Вечно одно и то же: кто-то кого-то то и дело пристреливает, и так до тех пор, пока не опустошает себя этим настолько, что Богу не остается ничего другого как забрать его на свою помойку.
«Может быть», повторил я одобрительно, «но это не зависит ни от тебя, ни от меня. А пока мы можем еще чего-нибудь выпить».
«Дело говоришь. Оставим эти ебарские разборки. Сегодня вечером не твоя очередь».
«А чья?»
«Сегодня вечером мы займемся настоящей разборкой»
На этот раз он мне подмигнул, и я понял, что это серьезно.
* * *
Сумма проигранных в покер денег стала астрономической. Вместо фишек, на столе, резервированном исключительно для Барона, зияла дыра. В ней можно было многое увидеть, но никто не решался сунуть в нее голову и посмотреть вниз. Никто, кроме Джембы, предупредительного хозяина, азартного, но расчетливого, который заделывал такие дыры, а потом наносил на них глянец, чтобы прибыльная игра могла продолжаться. Все эти акулы жили игрой, а игра называлась «выбиванием долгов». Без долгов игра не имела смысла. Акулы не были игроками, акулы были акулами.

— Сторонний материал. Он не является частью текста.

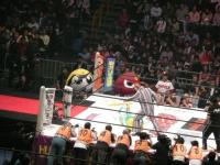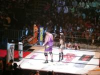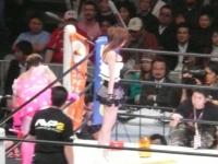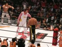 TVではカットでしたが、レーザビターンは何度か不発。後で高田総統がマイクでばらすのだが、本当は「LOVE&ハッスル」の盾が爆発する予定だったそうで(興行中にばらすってのも凄いな)。微妙な間ができてしまったのは残念。

Барон хочет ликвидировать долг, послав своих людей поджечь «Кенту», бухгалтерские книги сгорят вместе с цифрами, которые в них никто и не вписывал из-за налоговых сложностей, а Джембе будет выплачена страховая суперпремия. Так они будут квиты. На некоторое время. Нашей задачей было обеспечить короткое замыкание в электрической разводке – снять предохранитель и забить гвоздь в распределительную плату, а потом соединить фазу и ноль в штепселе на облицованной деревянной панелью стене. Точно оговорены все детали, все подготовлено, все чисто. Нам оставалось только позвать официанта и заплатить по счету. Вместо этого Пеня, в облегающей летной куртке и черных брюках из искусственной кожи, оставил под недопитым стаканом крупную дойч-купюру и рванул к выходу. Элегантный кожаный ремешок обвивал запястье его правой руки, которой он умел пользоваться весьма впечатляюще.

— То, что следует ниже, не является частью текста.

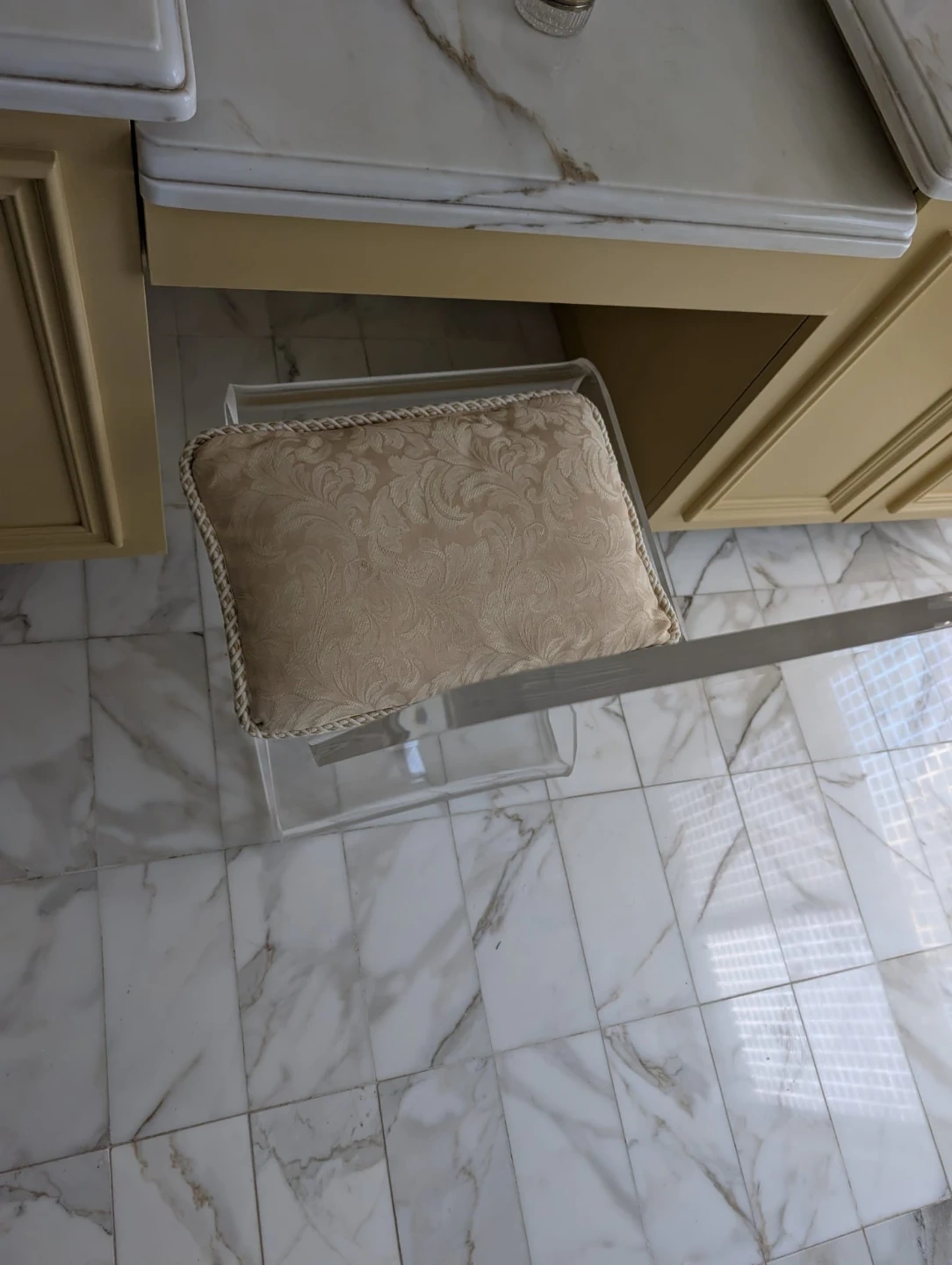 Stylish clear acrylic vanity chair featuring a comfortable, upholstered seat with a damask pattern. Its sleek design complements any modern or classic vanity setup. Perfect for a bedroom or bathroom space.

Мы вышли на улицу, в мутную ночь, туманную от жары, которая плавала между испаряющимся пористым асфальтом и пуленепробиваемым, охлажденным звездами небом. На заднем сидении лежал набор, упакованный в пластиковый пакет: молоток, плоскогубцы, гвоздь толщиной не меньше пяти миллиметров и кусок провода, оголенный с обоих концов. В машине было душно. Пеня включил кондиционер, но особого эффекта не последовало, потому что я отказался закрыть окно. Шум снаружи делал меня более чувствительным и сосредоточенным на том, что нам предстояло. Я люблю, когда притупляются чувства, когда внутри разливается отупение. А рефлексы это совсем не то же, что чувства. Рефлексы требуют высокого напряжения, они требуют человека целиком, если человек хочет остаться целым.

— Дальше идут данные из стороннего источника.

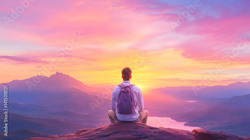 Man meditates on mountaintop at sunset, overlooking valley . Generative AI

Мы проехали мимо торгового центра, свернули к Пашиной развязке, чтобы объехать район Железничка колония. Некоторое время кружили вокруг квартала, где находится «Кента», обычная предосторожность, мы обнюхивали и осматривали окрестности. Обстановка была штатной. Пеня припарковал машину на соседней улице, инструменты сунул под куртку, как делают небрежные электрики. Стараясь не особо оглядываться по сторонам, чтобы не привлекать внимания, мы, на бесшумных подошвах, сунув руки в карманы, изображали неторопливую прогулку. Два неприметных неприкаянных типа. Свернули на узкую асфальтированную дорожку, машинально втянув головы в плечи. Мы подкрались к казино с тыла, через служебную парковку, отделенную от спящих соседей живой изгородью.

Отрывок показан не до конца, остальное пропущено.